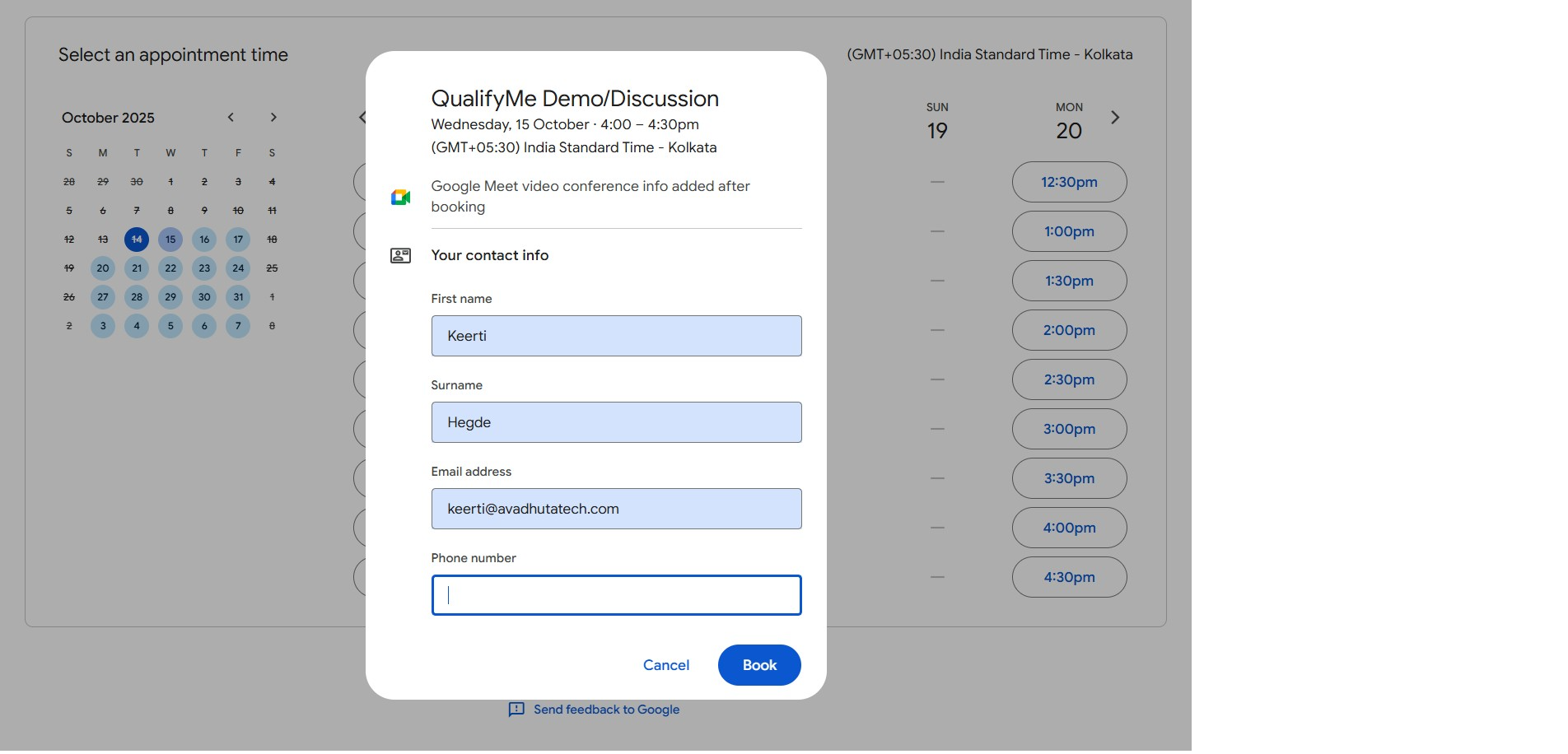 After entering all contact details, click the 'Book' button to finalize the appointment reservation.
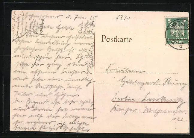 gelaufen 1925, Bugspur oben mittig, guter Zustand
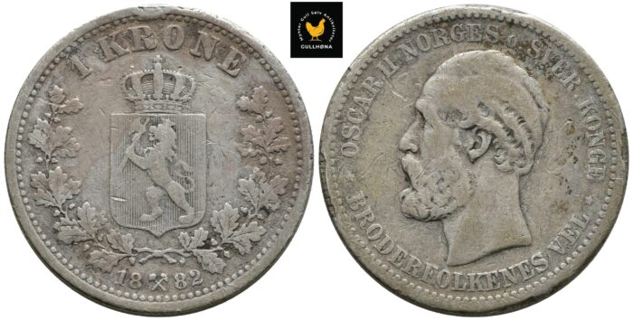 1882 Norge 1 Krone, 1-, Ks, Riper
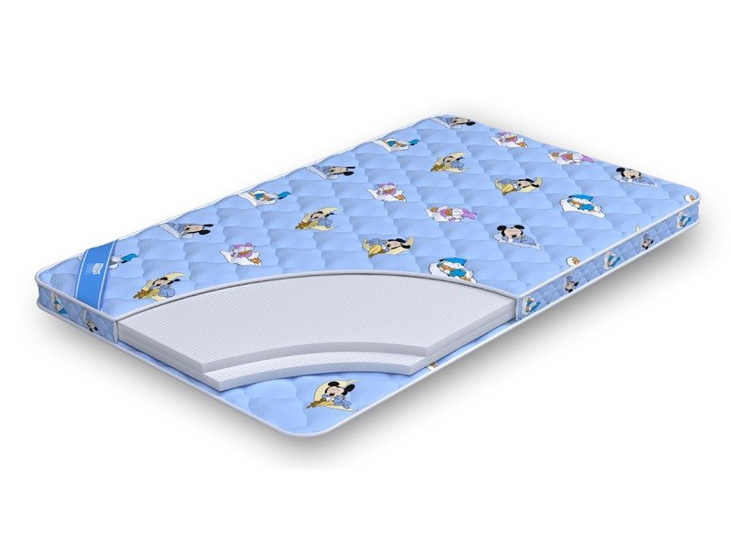 Изготовлен из струтто – нетканого материала на основе полиэстера. Нити в наполнителе располагаются вертикально и образуют пружинистый пласт. Принцип их действия подобен эффекту блока с независимыми пружинами. Умеренно-жёсткая спальная поверхность обеспечивает анатомически правильное положение тела в любой позе сна. Способствует формированию у ребёнка правильной осанки.
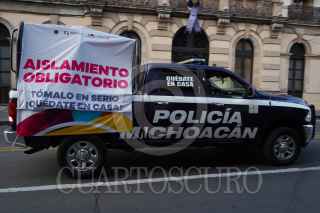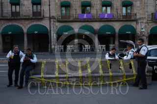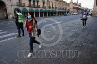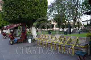 MORELIA, MICHOACÁN. 20ABRIL2020. Hoy se decretó en Michoacan el confinamiento obligatorio a causa de la pandemia originada por el Coronavirus. El gobernador hizo el anunció y en la calle, parece que es el “día de prueba”. En las plazas públicas del Centro de Morelia, colocaron cinta amarilla en algunas bancas para evitar que se sienten. FOTO: JUAN JOSÉ ESTRADA SERAFÍN /CUARTOSCURO.COM
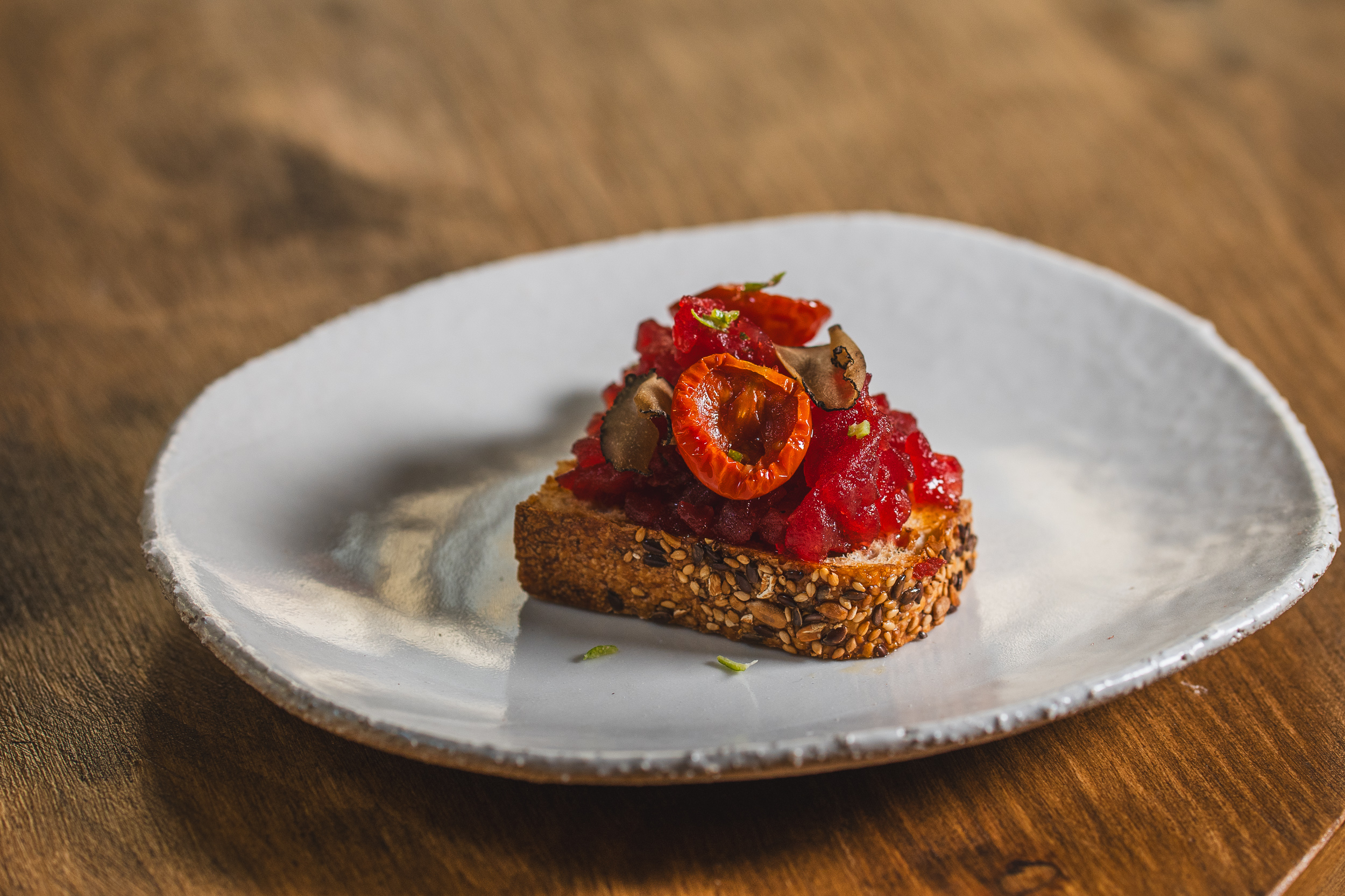 Matrimonio de anchoa y boquerón con pisto manchego y queso ahumado

══════════

Go through the listing above and retype each line exactly, apart from the pictures.

■ Response area
 After entering all contact details, click the 'Book' button to finalize the appointment reservation.
 gelaufen 1925, Bugspur oben mittig, guter Zustand
 1882 Norge 1 Krone, 1-, Ks, Riper
 Изготовлен из струтто – нетканого материала на основе полиэстера. Нити в наполнителе располагаются вертикально и образуют пружинистый пласт. Принцип их действия подобен эффекту блока с независимыми пружинами. Умеренно-жёсткая спальная поверхность обеспечивает анатомически правильное положение тела в любой позе сна. Способствует формированию у ребёнка правильной осанки.
 MORELIA, MICHOACÁN. 20ABRIL2020. Hoy se decretó en Michoacan el confinamiento obligatorio a causa de la pandemia originada por el Coronavirus. El gobernador hizo el anunció y en la calle, parece que es el “día de prueba”. En las plazas públicas del Centro de Morelia, colocaron cinta amarilla en algunas bancas para evitar que se sienten. FOTO: JUAN JOSÉ ESTRADA SERAFÍN /CUARTOSCURO.COM
 Matrimonio de anchoa y boquerón con pisto manchego y queso ahumado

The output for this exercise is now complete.